But under any brand must sit a number of attributes which give meaning and purpose, and upon which an organisation can focus and direct itself and convey to the market.

So the key word and concept that I wanted to communicate is ‘innovation’.

  • Innovation in the way we deal with key industry stakeholders
  • Innovation in the way we develop new markets, service existing ones and migrate much further to value-add, but much more importantly, how we develop and live brand New Zealand
  • Innovation in ‘on-boat’ technology; this includes below water and above water - how we catch fish and how we report what we catch.
  • Innovation in the way we communicate with our communities.

My vision is for Fisheries New Zealand to become an enabler; a solution provider; an organisation that does not tell people, councils and organisations why they can’t do things, but seeks to work in collaboration to find answers to the challenges facing all sectors.

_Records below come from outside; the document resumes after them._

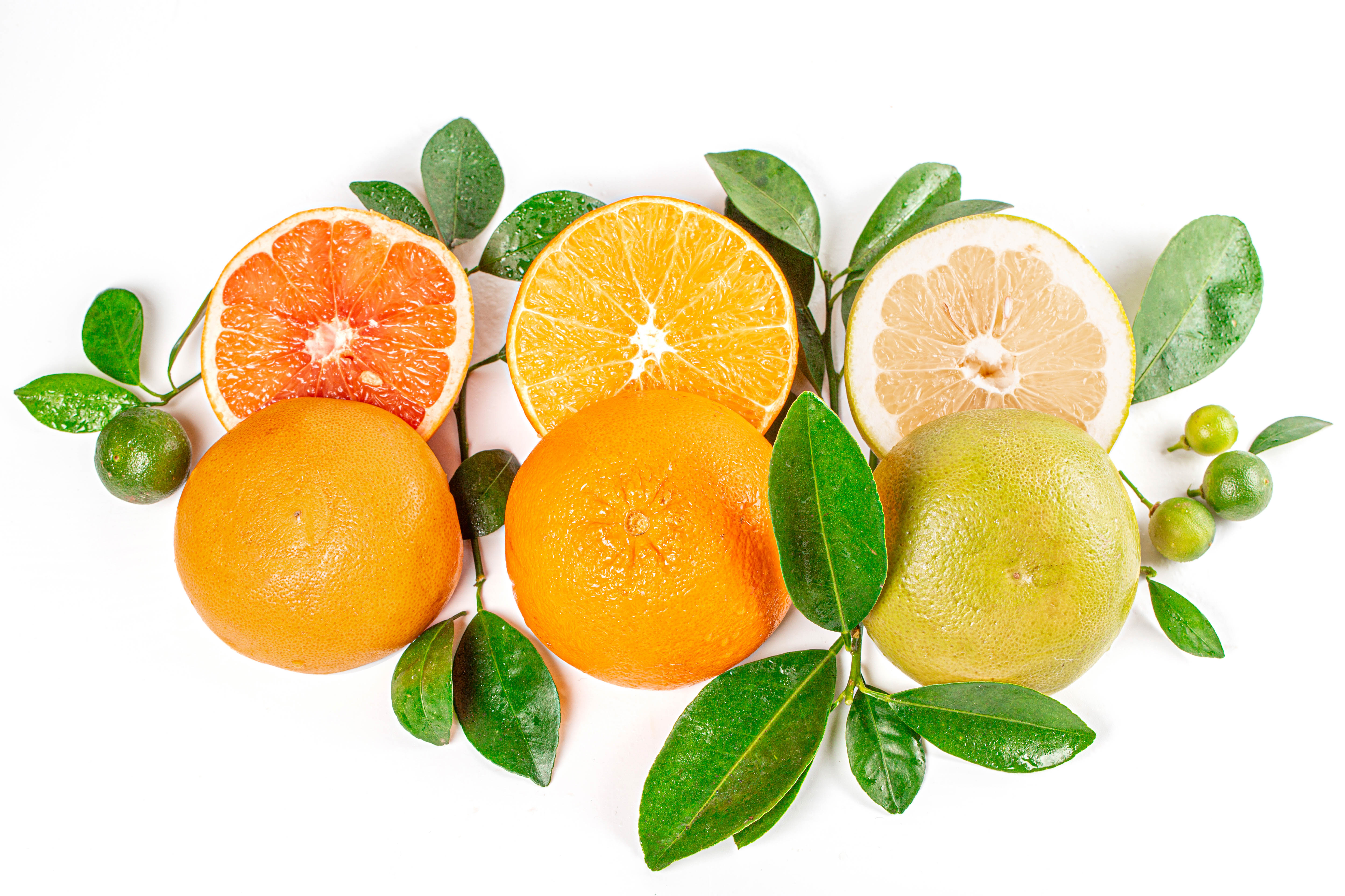 Top view of orange, sweetie, grapefruit and calamondina with branches
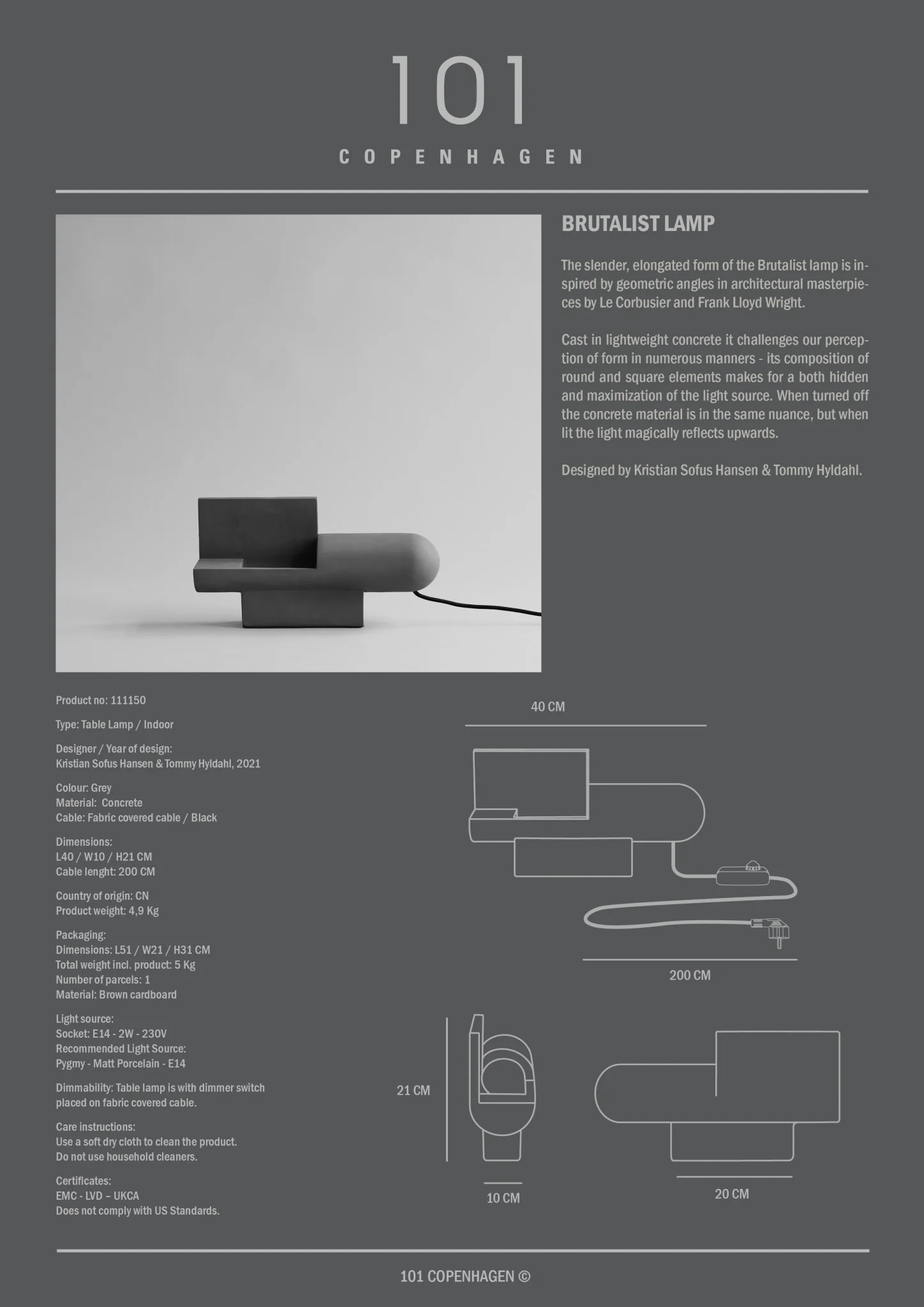 Lampa stołowa Brutalist 101Copenhagen
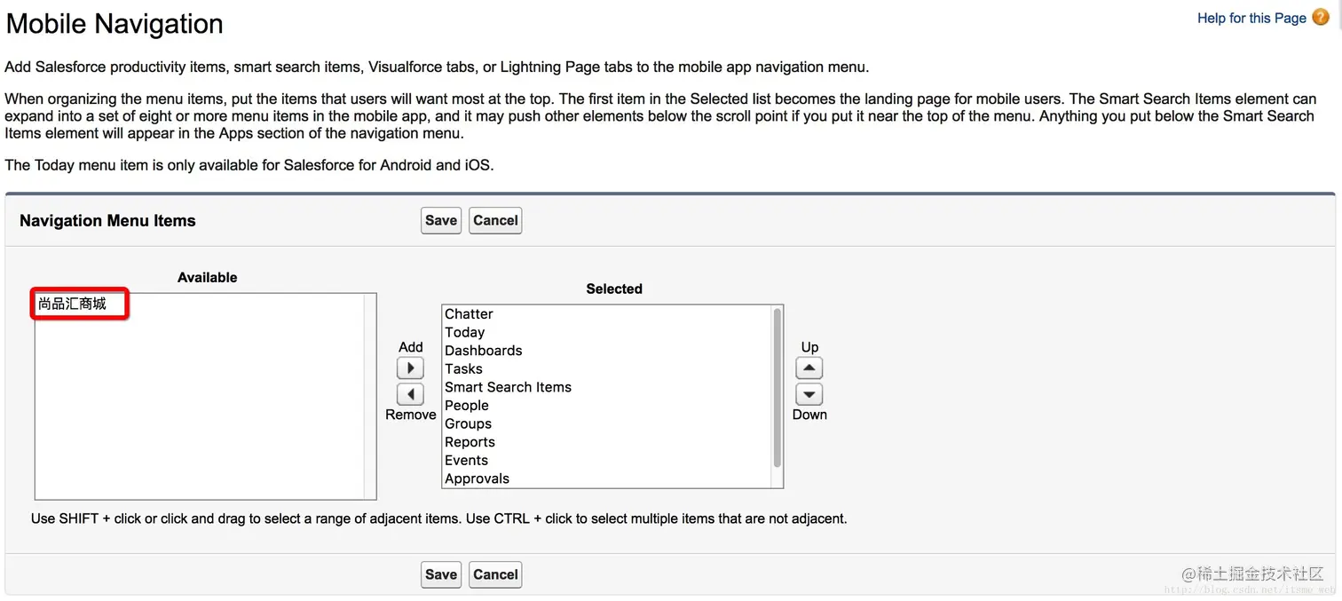 将该Tab拖到Salesforce1 Menu中展示:
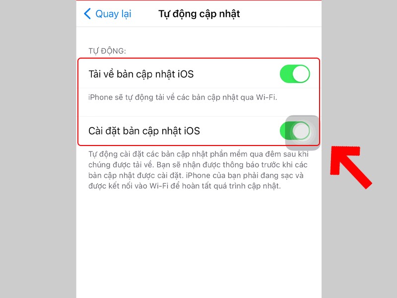 Cách 1: Thiết lập chế độ Tự động cập nhật iPhone
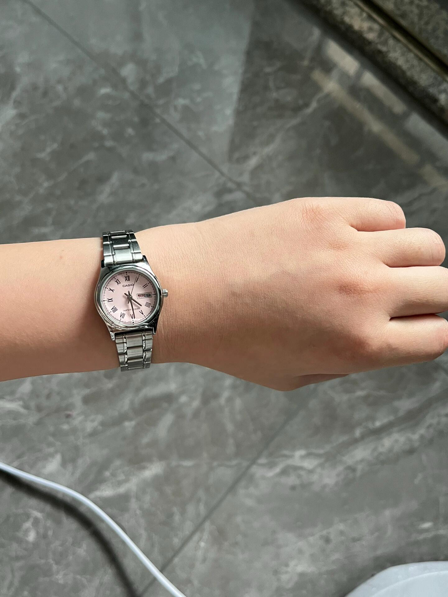 斐乐的玫红色手表坏了,姐姐送的新手表。识货转淘宝买的。表盘跟指甲盖差不多大比较小,不过我的指甲盖比较大,(跟指甲比是因为一次跟同学在拌嘴,那个同学说:你的手表看得清吗?有没有指甲盖大的嘞?🫠🤣)调表带比较难,刚刚好很合适。P5是高考前倒数第二个周末拍的 P6P7是刚到 调试好表带。其他是近照。带着不土,高考可以进考场
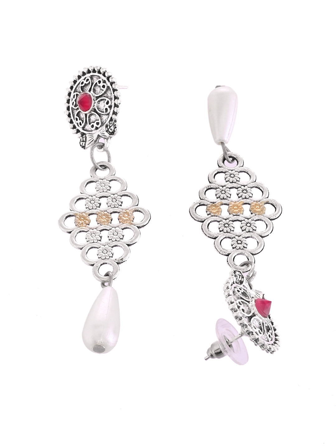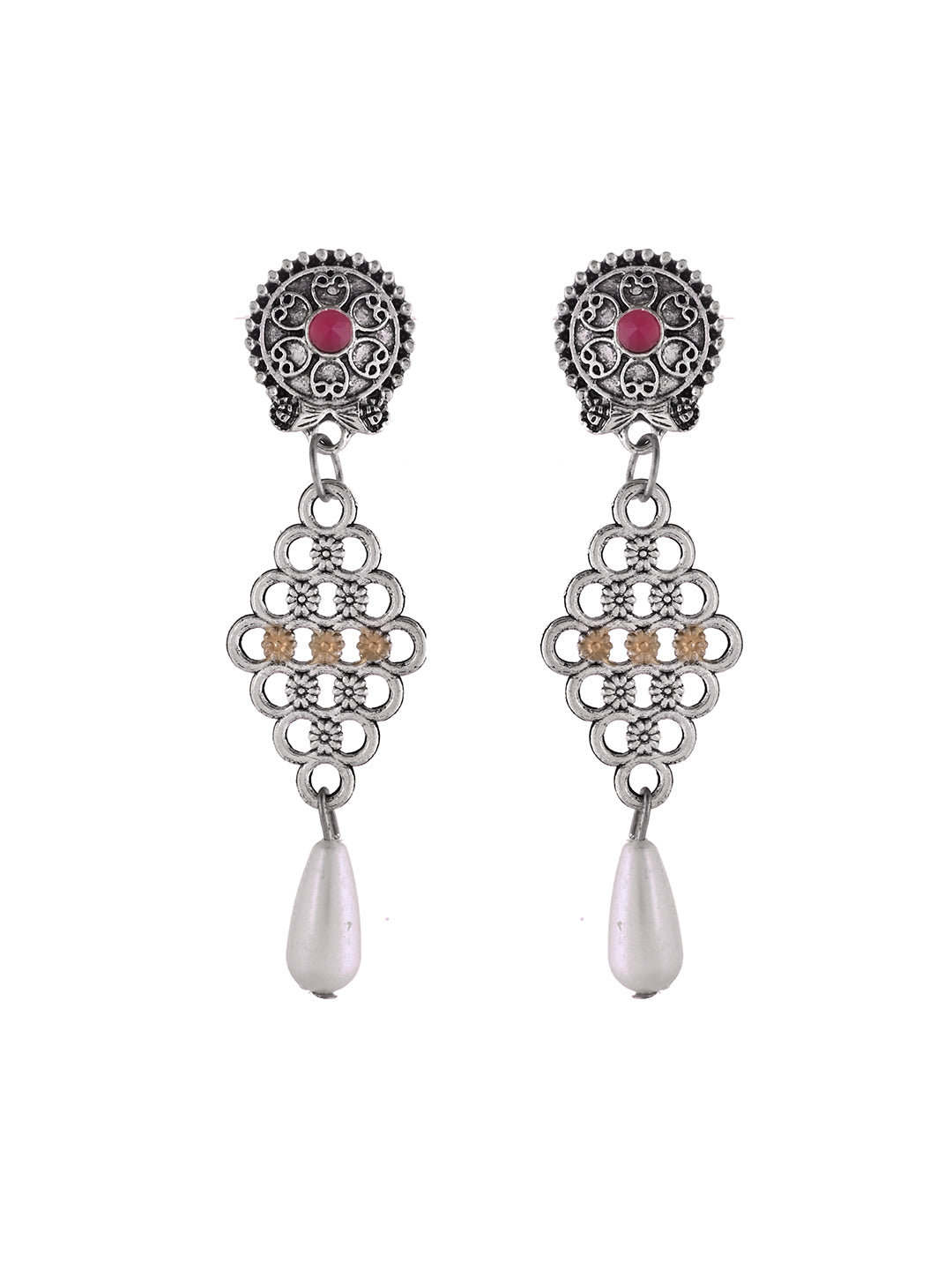 Add a touch of elegance to your ethnic look with this Silver Oxidised Tribal Necklace Set, featuring a beautifully carved Afghani-style pendant adorned with coloured stones and hanging pearl charms. Paired with matching drop earrings, this lightweight jewellery set is perfect for festive wear, traditional functions, weddings, parties, Garba, and daily styling.
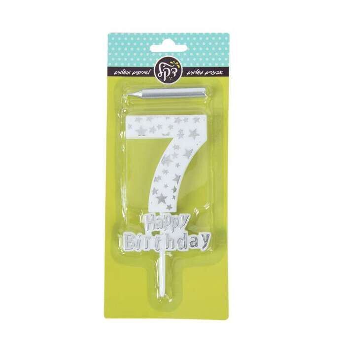 נר יום הולדת מספר 7- כסף בסיס פלסטיק גובה 13.50 ס"מ
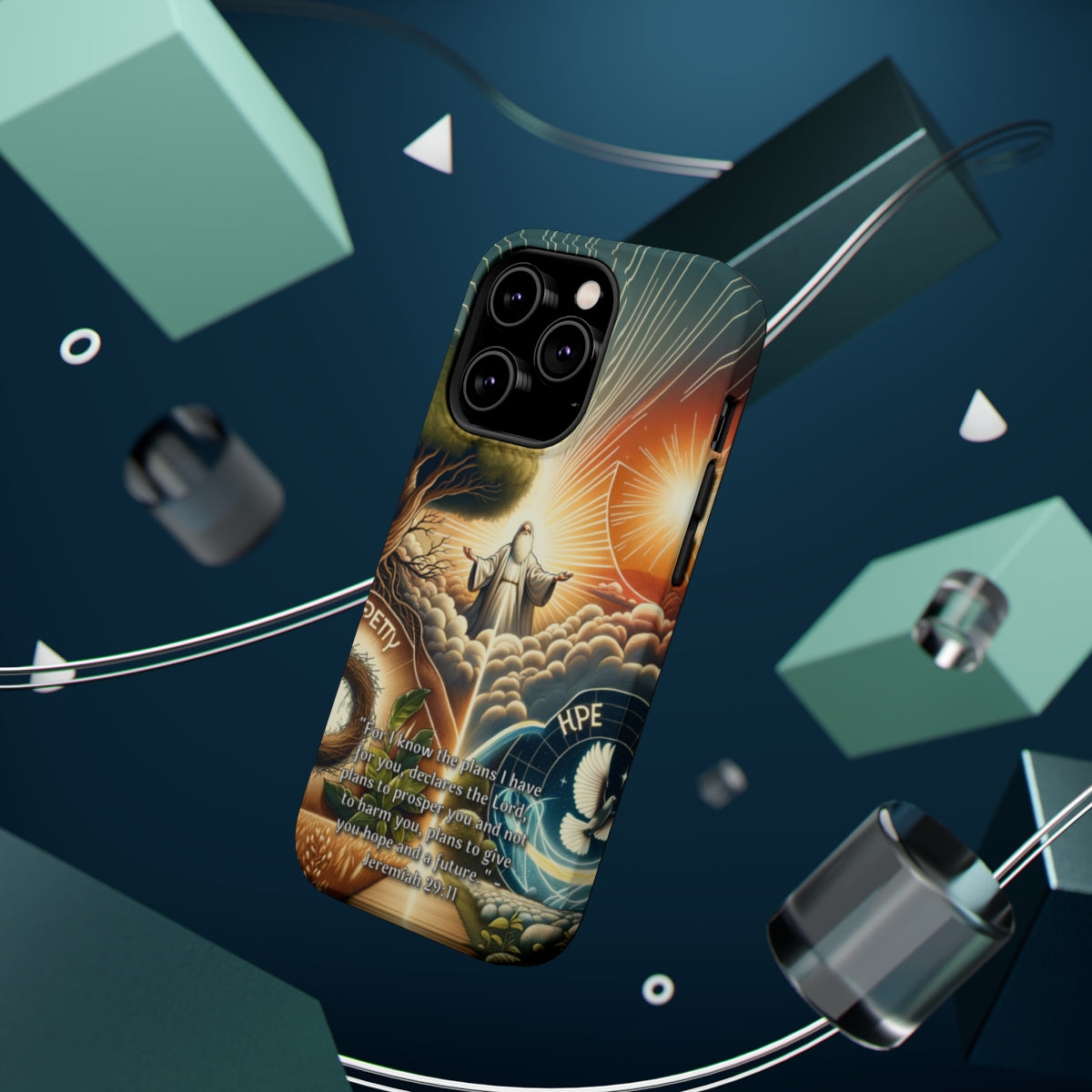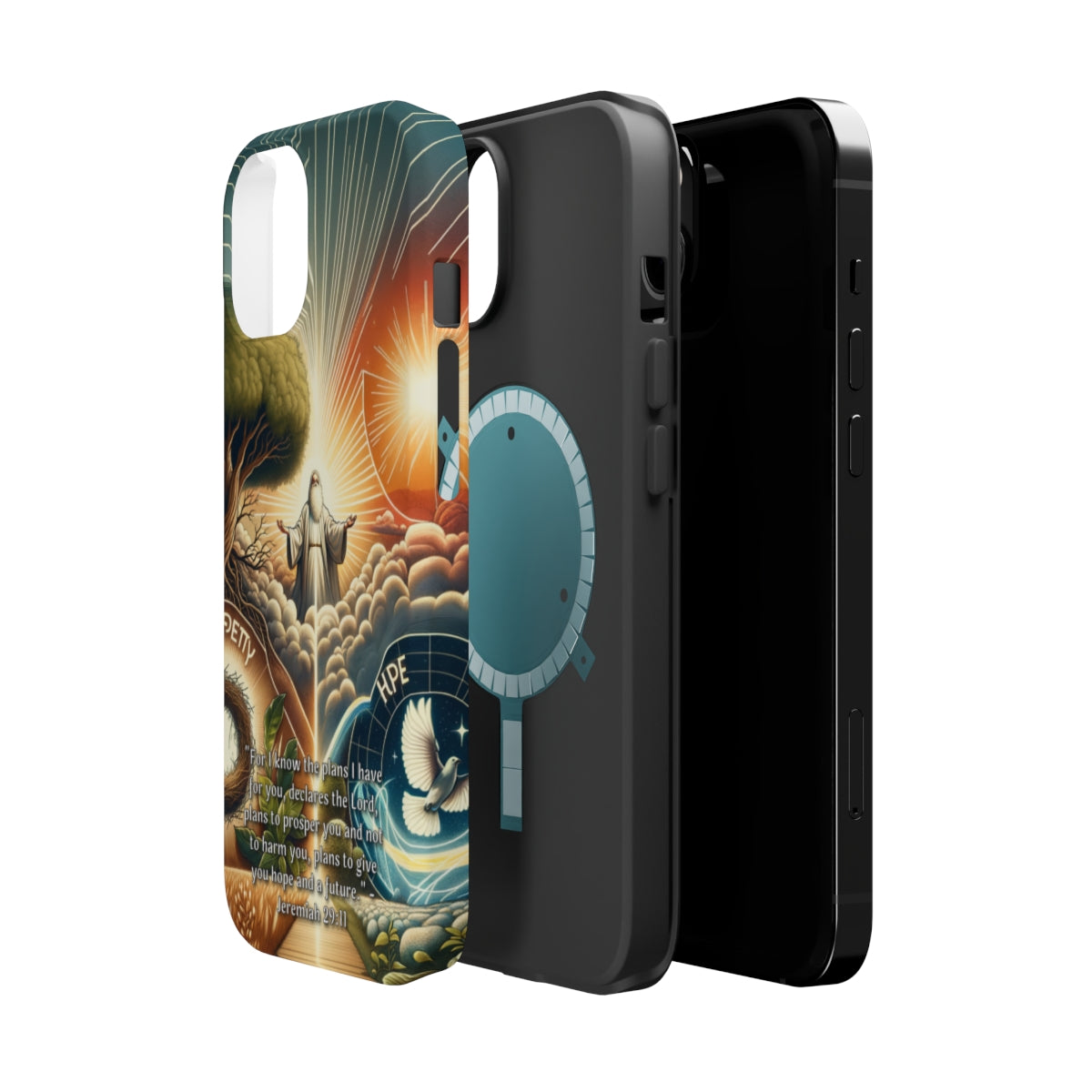 DistinctInk Tough Case for Apple iPhone, Compatible with MagSafe Charging - "For I Know the Plans: Jeremiah 29:11 Offers Hope and Prosperity"
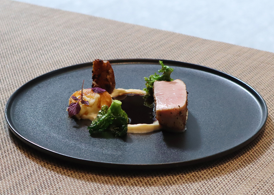 herb-grilled pork loin with ginger Madeira sauce
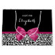 Un sac cadeau grand format empreinte de léopard noir et blanc à la mode avec un ruban rose foncé et vivace attaché à un joli arc de cercle. Personnalisez ce motif animal chic et élégant en ajoutant le nom de votre ado. Impression plane, pas ruban réel.

I have talked publically about transparency and I have asked my officials to release the last 15 years of papers in order to prove we have nothing to hide, but to also draw a line under the past.

If all I am doing is discussing actions from a decade ago, I am not talking about the innovative initiatives we are developing.

A key point to make, is that we all want the same thing.  Believe it or not, at a very base level, Mr Talley wants exactly what Mr Hague wants.  That is abundant seas.

If you think any fisherman enjoys pulling up a net or reeling in a line and finding a dolphin, penguin, seal or seabird, then you are sorely mistaken.  In fact I would argue that a healthy majority of fishermen and women are actually conservationists under most definitions. Some aren’t and this is the challenge.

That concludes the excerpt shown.